By comparison, traps laid at the same spots the prior two years only collected about 400 specimens a year.

“It’s normal for insect populations to fluctuate like this,” said CMS natural resource specialist Jessica Kirkpatrick, before adding that the wekiu bug was a candidate for the U.S. Fish and Wildlife Service’s endangered species list as recently as 2011.

Each year, CMS places live traps at more than 100 sites on UH-managed lands on Maunakea, some on top of cinder cones more than 200 feet high.

The traps sit out for three days, baited with tuna fish — “the bugs are attracted to stinky things,” Kirkpatrick said — until a researcher stops by, notes the number, gender and life stage of the specimens collected before releasing them.

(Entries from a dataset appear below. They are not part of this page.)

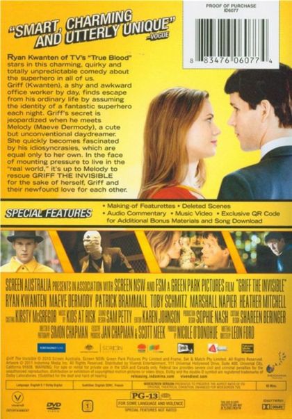 Ryan Kwanten of TV's True Blood stars in this charming, quirky and totally unpredictable romantic comedy about the superhero in all of us. Griff (Kwanten), a shy and awkward office worker by day, finds escape from his ordinary life by assuming the identity of a fantastic superhero each night. Griff's secret is jeopardized when he meets Melody (Maeve Dermody), a cute but unconventional daydreamer. She quickly becomes fascinated by his idiosyncrasies, which are equal only to her own. In the face of mounting pressure to live in the "real world," it's up to Melody to rescue Griff the Invisible for the sake of herself, Griff and their newfound love for each other.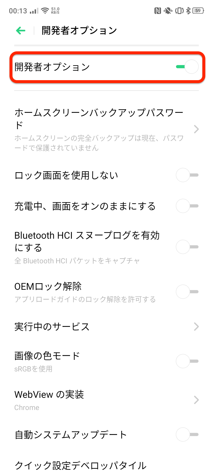 開発者オプションオプションページ、最上段のスイッチをオンに。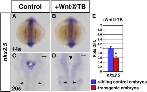 Increased Wnt signaling at the TB stage causes a loss of nkx2.5 expression after the 14 somite stage. (A,C) HCSEs. (B,D) GFP + sibling embryos. Expression of nkx2.5 is normal in embryos at the 14 s stage after increasing Wnt signaling at the TB stage (B; 100%, n = 27), compared to HCSEs (A; n = 38). (C) nkx2.5 expression in HCSEs (n = 21). (D) Expression of nkx2.5 is lost by 20 s (100% had severely reduced nkx2.5 expression, n = 27) in GFP + embryos after heat-shock at the TB stage. There are diffuse nkx2.5 expressing cells at the midline (large arrowhead). Posterior pharyngeal arch staining appears increased in embryos with increased Wnt signaling at the TB stage (small arrowheads). (E) qPCR analysis of nkx2.5 expression indicates that total nkx2.5 expression is reduced in 20–22 s stage GFP + embryos after increasing Wnt signaling at the TB stage.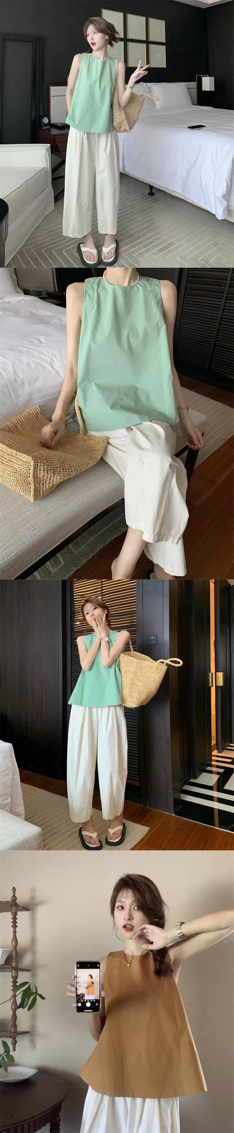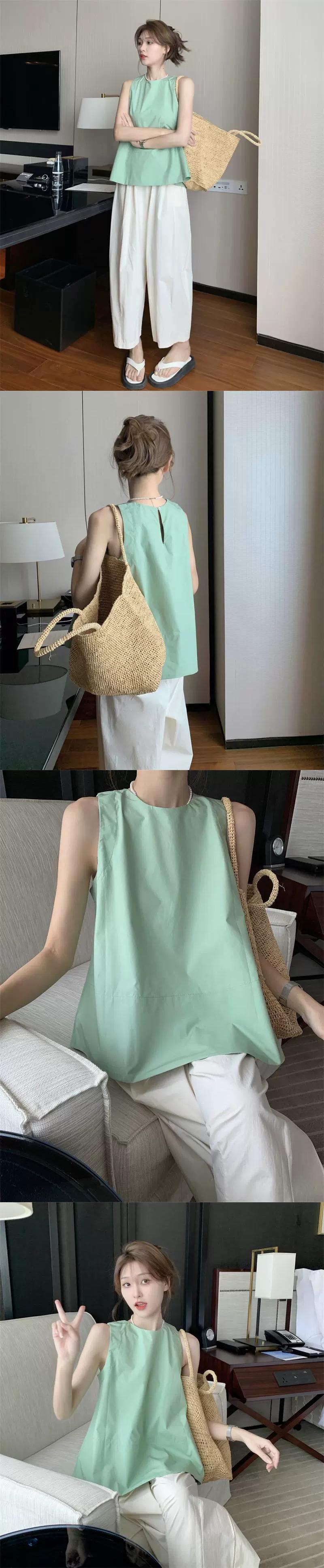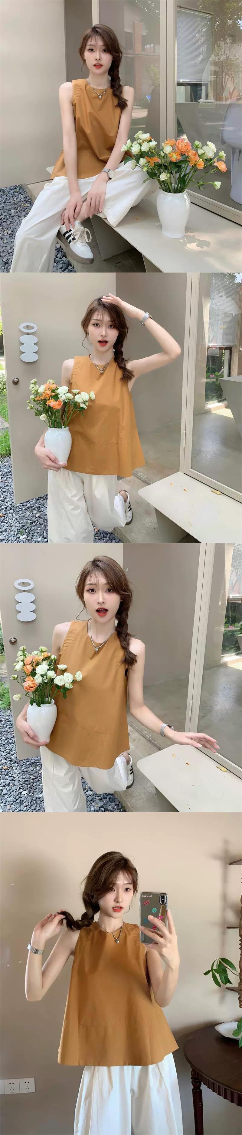 ラウンドネックルーズノースリーブベストレディース夏の新バージョン、年齢を軽減するオフショルダーデザイン感覚の内側と外側を着てキャミソールトップス サマー 夏物 Oネック missk34279024042

Kirkpatrick said this year’s wekiu increase could be because of an increase in precipitation at the summit area.

“These insects need moisture to survive, especially because the summit area is so dry,” Kirkpatrick said. “We’ve seen some correlation between periods of high precipitation and an increase in wekiu bugs.”

Even during the more recent lean years for the bug, Kirkpatrick said the traps were able to collect specimens at all stages of life, indicating that the population has continued to reproduce.

However, because the species is confined to the fragile ecosystem of the summit, a few bad years could lead to the species’ extinction.

In particular, Kirkpatrick said, ants pose the primary threat for wekiu bugs.

There are no ant species native to Hawaii, and one of the invasive species, the Argentine ant, is capable of surviving the cold temperatures at Haleakala summit on Maui — if introduced on Maunakea, it could reduce the area’s native pollinators by 70%.

And because wekiu bugs are scavengers — feeding on dead and dying insects blown to the summit by the wind and killed by the low temperatures — they have no means of actually defending themselves from ants or other threats.

For now, however, the bugs appear to have a healthy population.

“Our commitment to monitoring native species on Maunakea goes beyond overseeing their condition and status,” Greg Chun, CMS’ executive director, said in a statement. “We are deeply devoted to the protection and safeguarding of these precious species that live and breathe within this wahi pana.”